Predicting users’ personality can be used to improve
numerous products and services. Digital systems and
devices (such as online stores or cars) could be designed to
adjust their behavior to best fit their users’ inferred profiles
[54]. For example, a car could adjust the parameters of the
engine and the music to the personality and current mood
of the driver. Also, the relevance of marketing and product
recommendations could be improved by adding psycho-
logical dimensions to current user models. For example,
online insurance advertisements might emphasize security
when facing emotionally unstable (neurotic) users but
stress potential threats when dealing with emotionally
stable ones. Moreover, digital footprint may provide a
convenient and reliable way to measure psychological
traits at a low cost. Such automated assessment could
prove to be more accurate and less prone to cheating and
misrepresentation than traditional questionnaires.
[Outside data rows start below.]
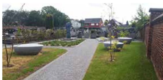
▲ De begraafplaats kreeg een nieuwe groene rustplek.

De heraanleg van het kerkhof van Kapelle-Centrum nadert zijn einde. Het oudstrijdersperk werd onlangs afgewerkt. Een mooie groene rustplek met grote platte zitstenen nodigt uit om in alle stilte even te verpozen bij een bezoek aan de begraafplaats.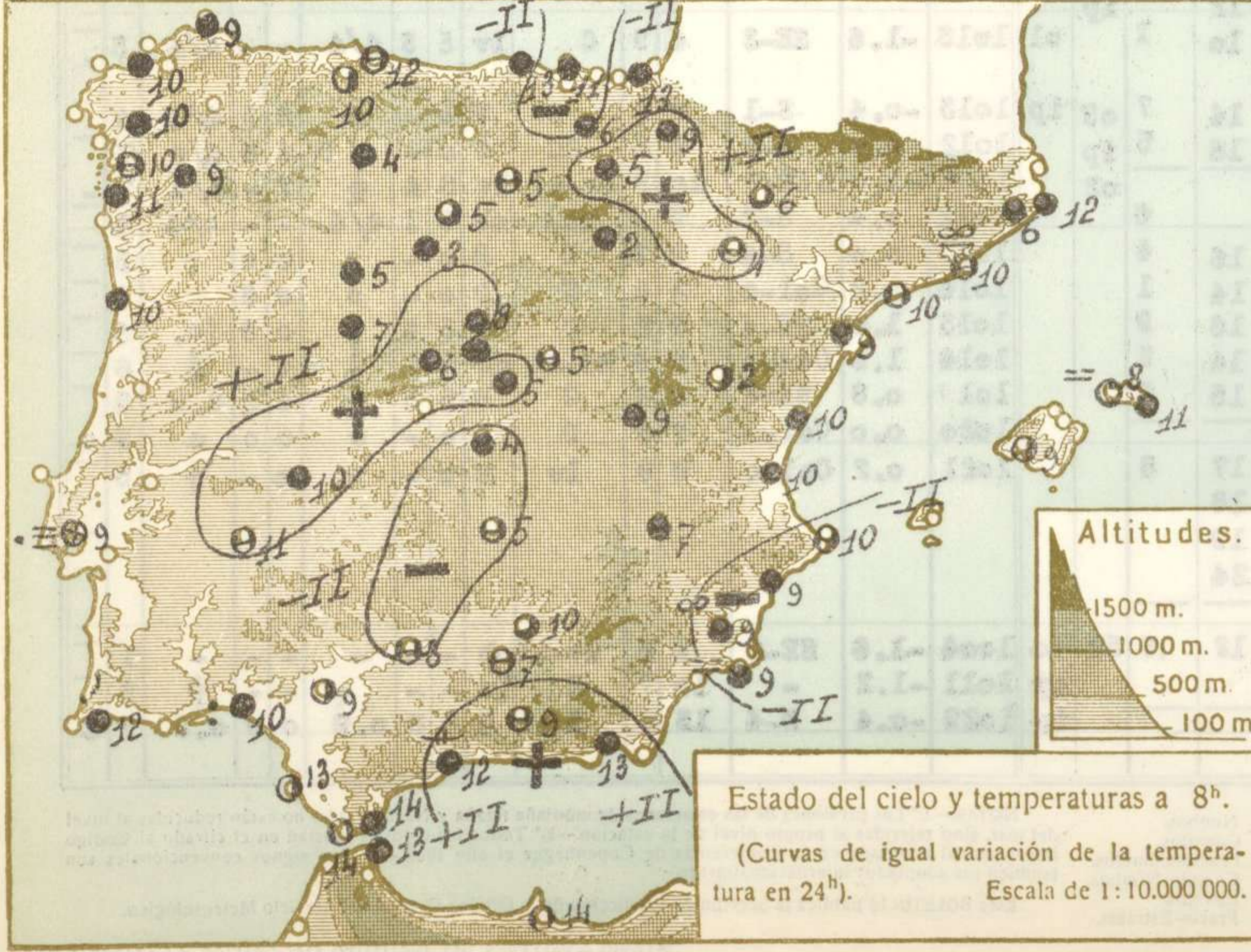
Estado del cielo y temperaturas a 8 h . (Curvas de igual variación de la temperatura en 24 h ). Escala de 1: 10.000.000.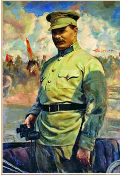
М.В. Фрунзе на маневрах. Худ. И.И. Бродский.

Центральный музей Вооруженных сил Российской Федерации. Москва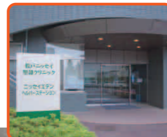
在宅介護サービスセンター ニッセイエデン ヘルパーステーション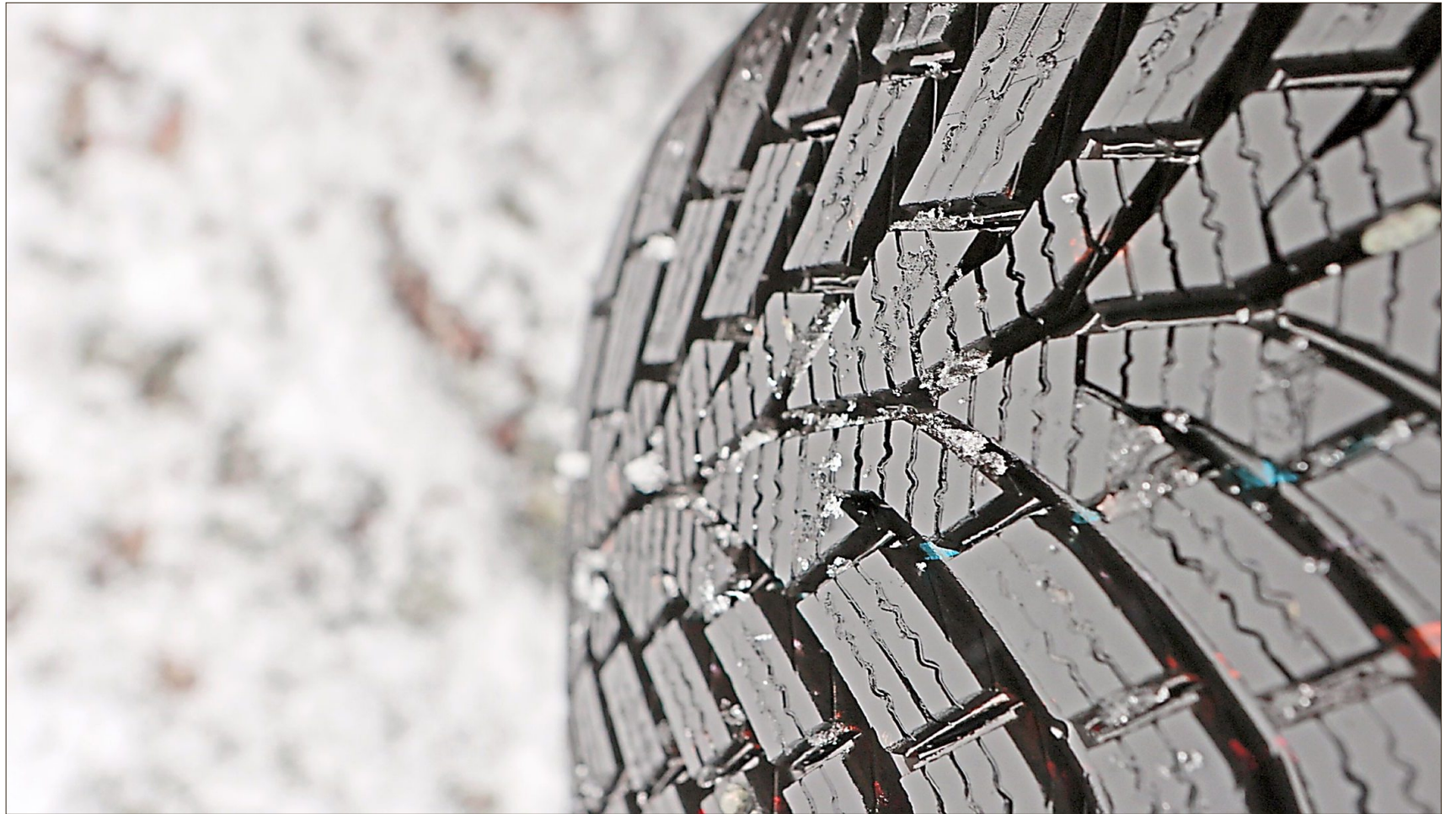
Für mehr Sicherheit: Winterreifen sollten mindestens vier Millimeter Restprofil haben.

Das Alter von Reifen lässt sich in der Regel anhand einer vierstelligen Ziffernfolge am Ende der sogenannten DOT-Nummer auf der Reifenflanke ableiten. Diese setzt sich aus der Kalenderwoche und dem Produktionsjahr zusammen. „3025“ zum Beispiel bedeutet dann, dass der Reifen in der 30. Kalenderwoche des Jahres 2025 hergestellt wurde.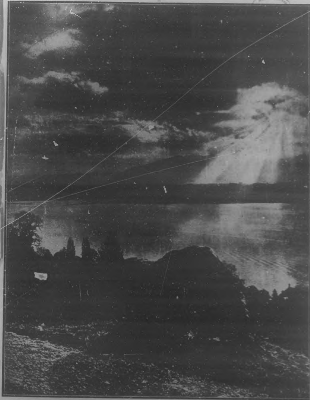
UN HOMENAJE A LA MEMORIA DE BYRON.—Roca situada a la orilla del lago Lemán, donde el famoso poeta inglés iba todos los años a contemplar el bello espectáculo ofrecido por el lago. La roca ha sido declarada monumento nacional por la ciudad de Ginebra.

Redacción, Administración y Talleres: Edificio de BOHEMIA, América Latina (entre Troncales y números 80, 82 y 84). Teléfono: Dirección, M-122; Administración, A-5658.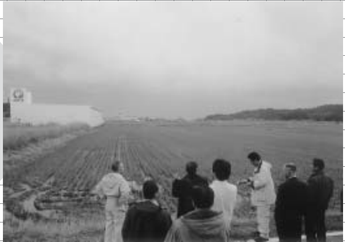
南部地区中学校用地購入予定地

南部地区中学校統合改築経費として、土地購入費・登記事務委託料・地質調査委託料・測量業務委託料等を認めました。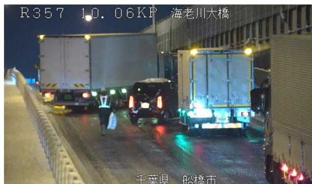
冬用タイヤやチェーン未装着車両による スリップ事故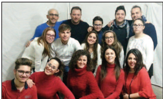
GLI ARTISTI DI #MARSALAFORPARIS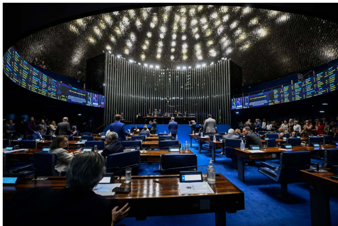
Plenário do Supremo Tribunal Federal: juízes não atendem decisões do STF

Parcelas extintas na decisão de março do STF foram

Furthermore, it is likely that new insights into
individual differences in human behavior offered by big
social data will fuel the emergence of new, more accurate,
robust models describing individuals and societies [5]. The
translation of big social data into models and policies calls
for a new wave of multidisciplinary collaborations between
fields as diverse as psychology, social sciences, linguistics,
computer science, and applied mathematics (perhaps
under the banner of computational social psychology).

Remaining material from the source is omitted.